The family Pasteurellaceae is a large bacterial family that comprises 30 genera with validly published names (Christensen and Bisgaard, 2018; Dickerman et al., 2020). Bacteria belonging to the family Pasteurellaceae are commonly isolated from various animal species and humans; most are considered opportunistic pathogens (Olsen et al., 2005). Several newly described genera have recently been added to the family, including the most recently classified Caviibacterium and Conservatibacter, which are associated mainly with guinea pigs (Adhikary et al., 2018), and Glaesserella established by the reclassification of Haemophilus parasuis (Dickerman et al., 2020).
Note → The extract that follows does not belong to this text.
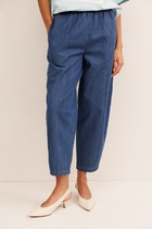 Свободные брюки из трикотажного костюмного полотна. Эластичный пояс на резинке с регулируемым шнурком из эко-кожи комфортно фиксирует изделие на талии.  Модель дополнена двумя боковыми и задним карманами.

These are expected to be supplemented with further new genera and species in the future.
Members of the family Pasteurellaceae have frequently been isolated from the oral cavity and upper respiratory tract of cats and dogs (Christensen and Bisgaard, 2008), including [Haemophilus] felis, Frederiksenia canicola and species of Pasteurella sensu stricto (Pasteurella multocida, Pasteurella dagmatis, Pasteurella canis, Pasteurella stomatis and Pasteurella oralis) (Mutters et al., 1985; Inzana et al., 1992; Korczak et al., 2014). Recently, P. dagmatis-like organisms have also been identified (Sellyei et al., 2010) from the oral cavity of cats. These species often cause bite wound infections in humans (Mutters et al., 1985).
Acquiring knowledge of newly isolated species is essential for epidemiological studies and routine diagnostic clinical microbiology laboratories. The aim of this study was to characterise a phenotypically and phylogenetically distinct strain, isolated from a diseased cat, that differed from the other members of Pasteurellaceae.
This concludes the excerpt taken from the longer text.